本公开提供一种基于电容耦合的SRAM存算一体芯片,包括:输入模块、按位乘法模块、电容衰减模块以及输出模块,通过输入模块接收输入数据;通过按位乘法模块实现输入数据与存储数据的乘法运算,得到乘法运算结果;并采用电容衰减模块,以层次化电容衰减器结构乘法运算结果的按层累加,不仅结构更加简单,而且计算时间更短,可以快速得到数字累加结果,提高乘法累加运算的能量效率以及计算吞吐。

Description

基于电容耦合的SRAM存算一体芯片
相关申请的交叉引用
本申请要求于2022年04月27日提交的申请号为202210457425X,发明名称为“基于电容耦合的SRAM存算一体芯片”的中国专利申请的优先权,其通过引用方式全部并入本文。
技术领域
本公开涉及集成电路设计技术领域,尤其涉及一种基于电容耦合的SRAM存算一体芯片。
背景技术
存内计算(Compute-In-Memory,CIM)技术,是指把传统以计算为中心的架构转变为以数据为中心的架构,其直接利用存储器进行数据处理,从而把数据存储与计算融合在同一个芯片当中,即构成存算一体芯片,可以彻底消除冯诺依曼计算架构瓶颈,降低数据传输造成的额外功耗和性能损失。静态随机存取存储器(Static Random Access Memory,SRAM)因其高速、低功耗和高鲁棒性的特点,可被广泛用于构造存算一体芯片。

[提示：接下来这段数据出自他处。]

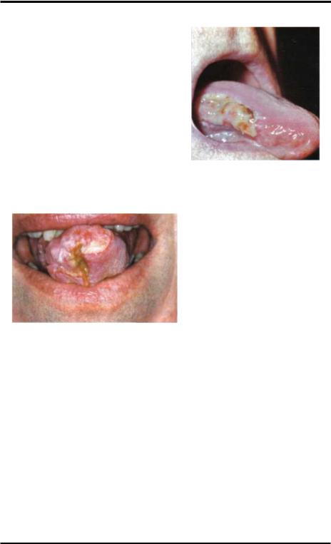 блюдают глубокие гангренозные изъязвления с неровными краями, покрытые некротическим налётом (рис.9-8). Язык увеличен, отмечаются признаки сильного болевого синдрома. Лимфаденопатия подчелюстных лимфатических узлов в различной степени выраженности. Нередкой находкой при этом васкулите будут различные нарушения

目前,存算一体芯片可以作为神经网络模型的乘法累加运算的硬件化实现,但是现有的存算一体芯片,为了实现多比特的数据累加,通常采用基于电荷的CIM结构,在模拟域使用开关阵列和额外的控制信号实现电荷共享电路,共享控制复杂,延时大,对存算一体芯片的计算性能产生极大影响。
发明内容
本公开提供一种基于电容耦合的SRAM存算一体芯片,用以解决现有技术中存在的缺陷。
本公开提供一种基于电容耦合的SRAM存算一体芯片,包括:输入模块、按位乘法模块、电容衰减模块以及输出模块,所述输入模块、所述按位乘法模块、所述电容衰减模块以及所述输出模块依次连接;
所述输入模块用于接收输入数据;
所述按位乘法模块包括多个位乘法单元,每个所述位乘法单元均用于基于电容耦合原理,将所述输入数据与按位存储的存储数据的一位数据进行乘法运算,得到所述存储数据的一位数据对应的乘法运算结果;
所述电容衰减模块包括两层电容衰减器阵列,第一层电容衰减器阵列中的每个第一类电容衰减器分别连接于相邻两个位乘法单元之间,第二层电容衰减器阵列中的每个第二类电容衰减器分别连接于相邻两个第一类电容衰减器之间;所述电容衰减模块用于将所述存储数据的各位数据对应的乘法运算结果进行按层累加,得到多比特数据模拟累加结果;
所述输出模块用于确定并输出所述多比特数据模拟累加结果对应的数字累加结果。
根据本公开提供的一种基于电容耦合的SRAM存算一体芯片,所述输入模块包括输入稀疏感知模块以及输入稀疏比较模块,所述输入稀疏感知模块与所述按位乘法模块连接;
所述输出模块包括Flash模数转换模块,所述输入稀疏感知模块、所述输入稀疏比较模块以及所述Flash模数转换模块依次连接;
所述输入稀疏感知模块用于将所述输入数据转换为模拟电压;
所述输入稀疏比较模块用于将所述模拟电压与第一参考电压进行比较,得到第一比较结果;
所述Flash模数转换模块用于基于所述第一比较结果,将所述多比特数据模拟累加结果与第二参考电压进行比较,得到第二比较结果,并将所述第二比较结果作为所述数字累加结果。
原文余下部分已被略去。